[Extracted data — start]

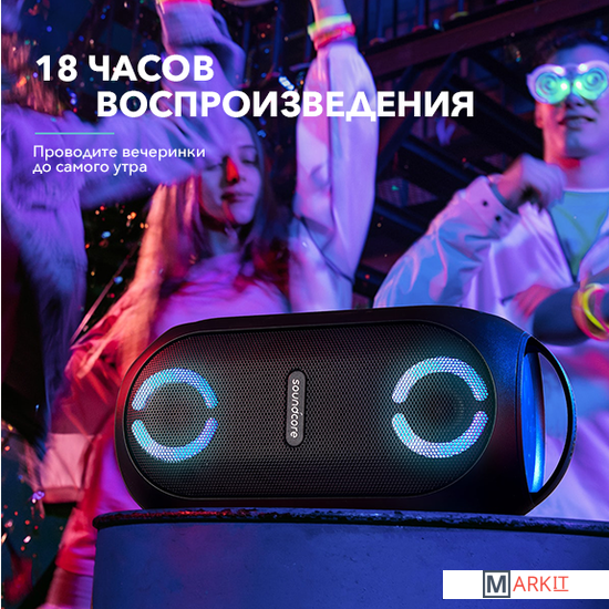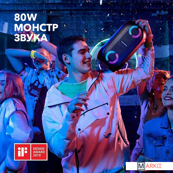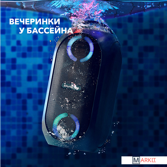 Основные особенности:- степень влагозащиты IPX7- настраиваемая подсветка- расширенные возможности благодаря фирменному приложению (SoundCore App)- радиус действия до 20 метров
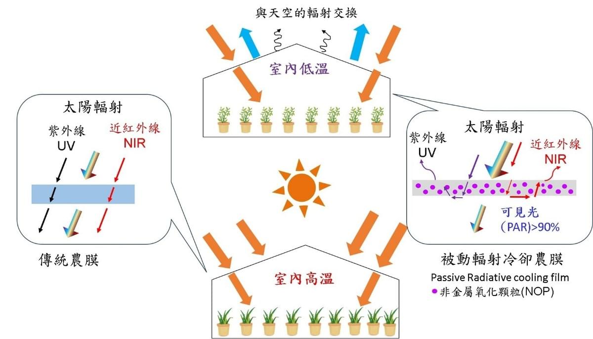 薄膜內建的微奈米顆粒氧化物混和均勻後,製成農膜,能將8-13微米波長的紅外線熱輻射可反射到大氣層直接散逸至太空,溫室內的升溫效應會大幅降低,並減少土壤水分蒸散。
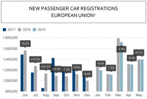 I maj steg antallet af nyregistreringer i EU en anelse.
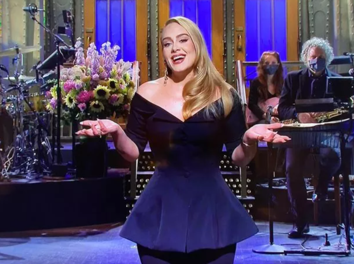 В карьере звезды тоже наметился неожиданный поворот. Она дебютировала в качестве ведущей знаменитого комедийного телешоу Saturday Night Live. В первом выпуске Адель предстала в подчеркнуто женственном и элегантном образе. Она надела обтягивающую блузу с открытыми плечами и укороченные брюки. Этот ансамбль авторства Valentino идеально подчеркнул формы звезды.
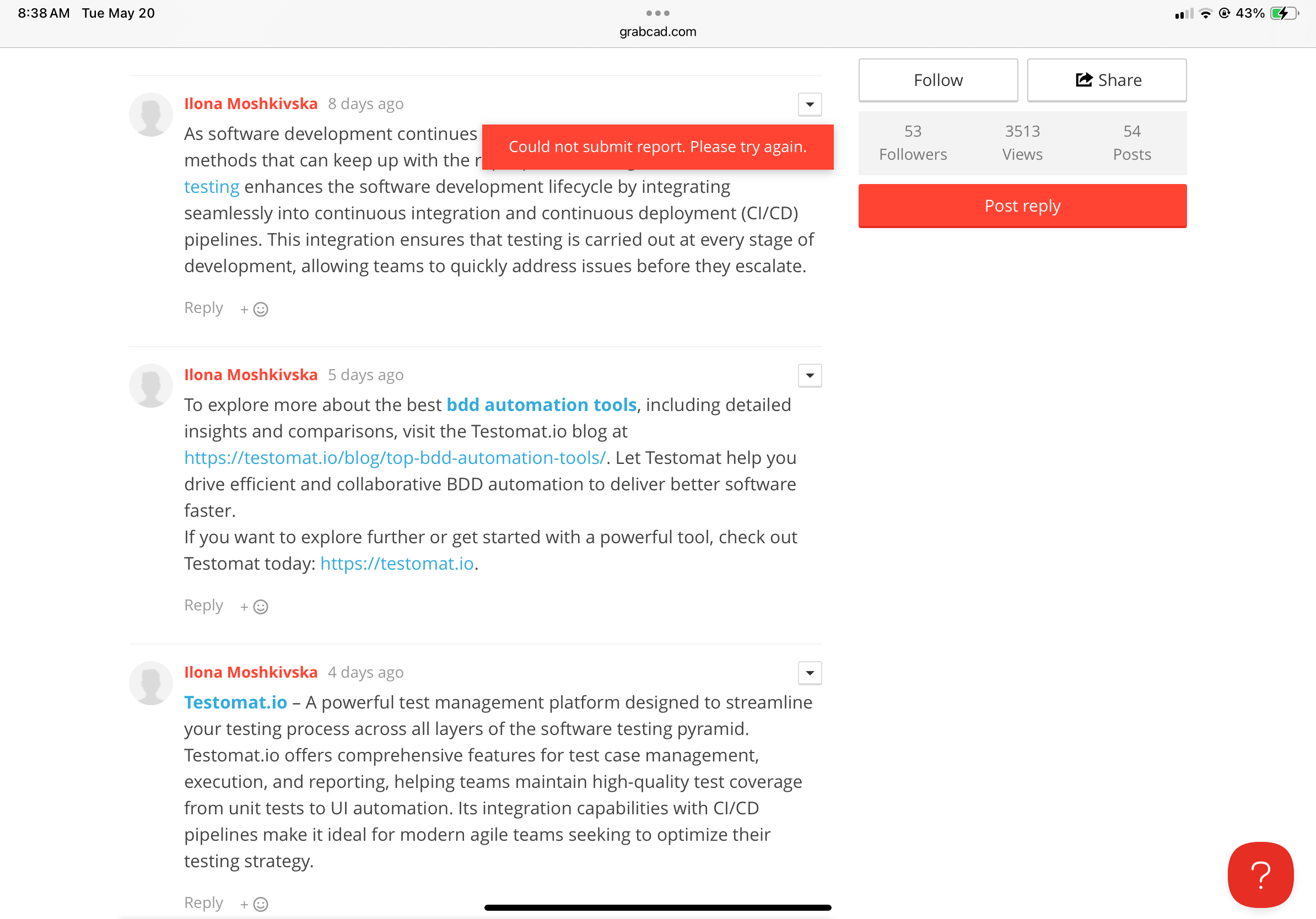 Bob Wiley 20 May, 2025 01:44 PM Cannot submit reports on spam posts nor on spamming users. Just get a pop up that says “Could not submit report. please try again.”
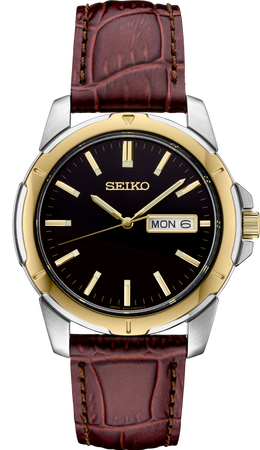 From the Essentials Collection. Offering classic dress/sport designs, the Essentials Collection provides the ideal solution for both everyday wear and dress occasions. Crafted with a two-tone brushed and polished stainless steel case and brown leather strap, this perfectly tailored design features a charcoal sunray dial with gold accents, day/date calendar, and LumiBrite hands and markers. 10 bar, 100M Water Resistant
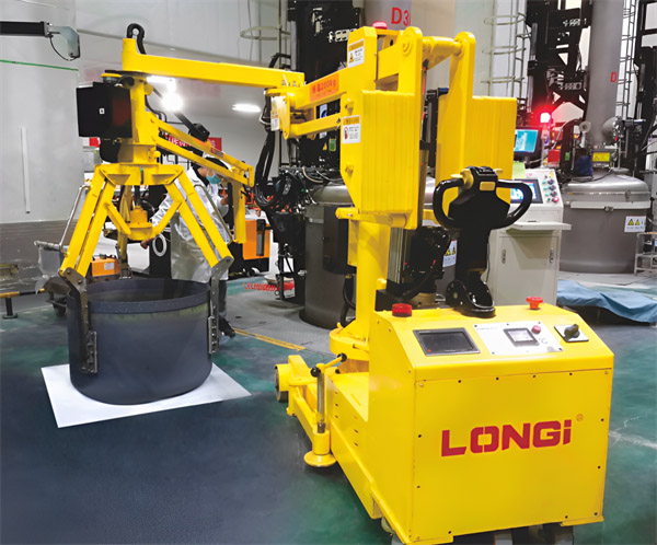 2020 年針對客戶單晶爐工裝零件拆裝難題,隆基推出熱場拆裝工裝車,最大程度保證了工件拆裝的效率和安全。設備采用伺服電缸驅動助力臂形式,可以單人輔助下,15min內拆卸熱場8大件,運行過程平穩,夾爪帶有夾取保護功能,不損壞工件。
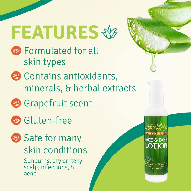 Aloe Life - Face & Body Lotion, Concentrated Formula, Hydrates Dry Skin, Contains Antioxidants, Minerals, & Herbal Extracts, Pleasant Grapefruit Scent, Safe For All Skin Types, Gluten-Free (7 oz)
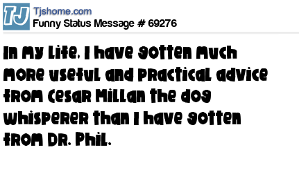 X says In my life, I have gotten much more useful and practical advice from Cesar Millan the dog whisperer than I have gotten from Dr. Phil.
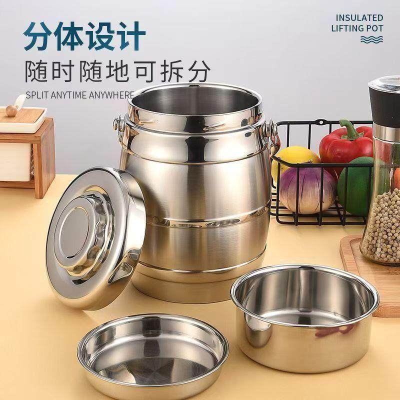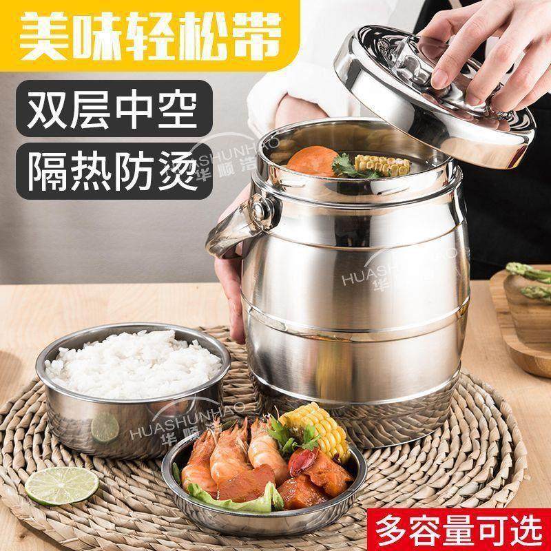 📚 不锈钢保温提锅鼓型真空饭桶饭篮大容量2/3层饭盒学生上班便当盒
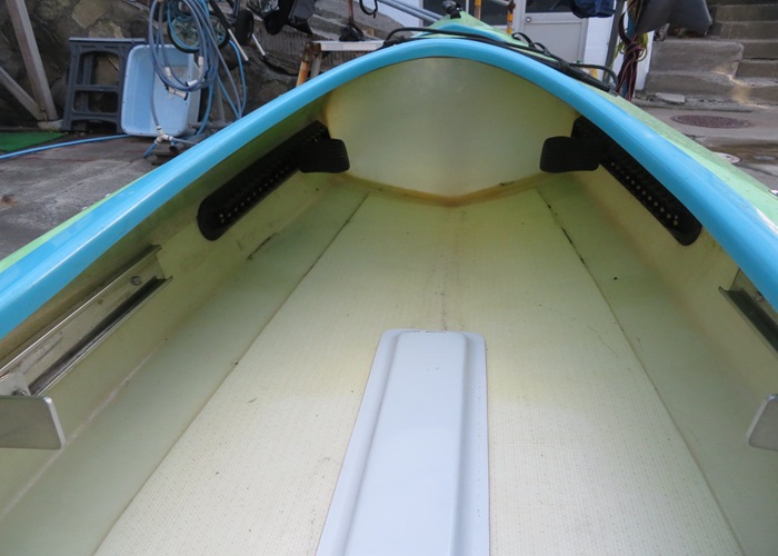 【故障個所】 ・デッキ、ハルに1か所ずつゲルコートの割れ ・シート背面のベルトを止めるビスが錆で折れている ・ラダーブレードが曲がっている いずれも修理不要でそのまま使用できます。
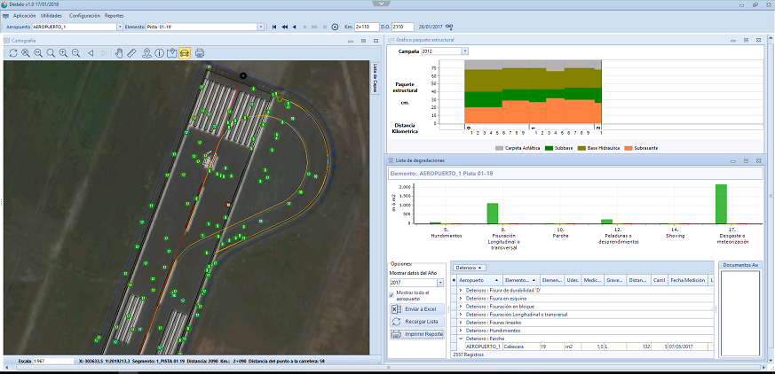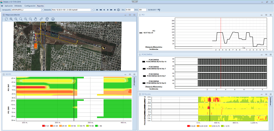 Los parámetros estructurales y funcionales de los pavimentos, recogidos mediante dispositivos de alto de alto rendimiento o visualmente, se cargan en el sistema. Estos datos se visualizan mediante gráficos, histogramas, temáticas y tablas. Además, pueden visualizarse distintos parámetros técnicos (PCN. PCI, etc.) pueden representarse. Además, DEDALO calcula automáticamente el PCI a partir de los datos recogidos.
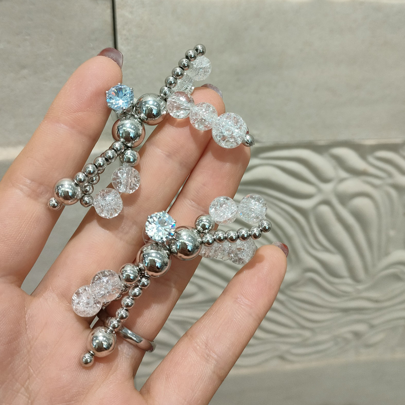 法式琉璃金属球球串珠蝴蝶结银针耳环超仙个性不规则珍珠水晶耳饰
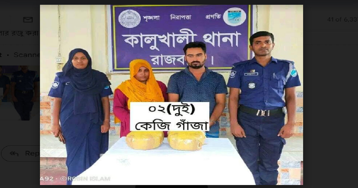 কালুখালী থানা পুলিশের অভিযানে২ কেজি গাঁজা সহ মোঃ রাহুল বিশ্বাস (৩২) ও সুফিয়া খানম( ২৮) নামে মাদক কারবারিকে গ্রেপ্তার করা

[Extracted data — finish]

=== About this task ===
Output must match the lines from the start of the records above through the line that contains "Bob Wiley 20", exactly and with every picture removed.

=== Answer section ===
 Основные особенности:- степень влагозащиты IPX7- настраиваемая подсветка- расширенные возможности благодаря фирменному приложению (SoundCore App)- радиус действия до 20 метров
 薄膜內建的微奈米顆粒氧化物混和均勻後,製成農膜,能將8-13微米波長的紅外線熱輻射可反射到大氣層直接散逸至太空,溫室內的升溫效應會大幅降低,並減少土壤水分蒸散。
 I maj steg antallet af nyregistreringer i EU en anelse.
 В карьере звезды тоже наметился неожиданный поворот. Она дебютировала в качестве ведущей знаменитого комедийного телешоу Saturday Night Live. В первом выпуске Адель предстала в подчеркнуто женственном и элегантном образе. Она надела обтягивающую блузу с открытыми плечами и укороченные брюки. Этот ансамбль авторства Valentino идеально подчеркнул формы звезды.
 Bob Wiley 20 May, 2025 01:44 PM Cannot submit reports on spam posts nor on spamming users. Just get a pop up that says “Could not submit report. please try again.”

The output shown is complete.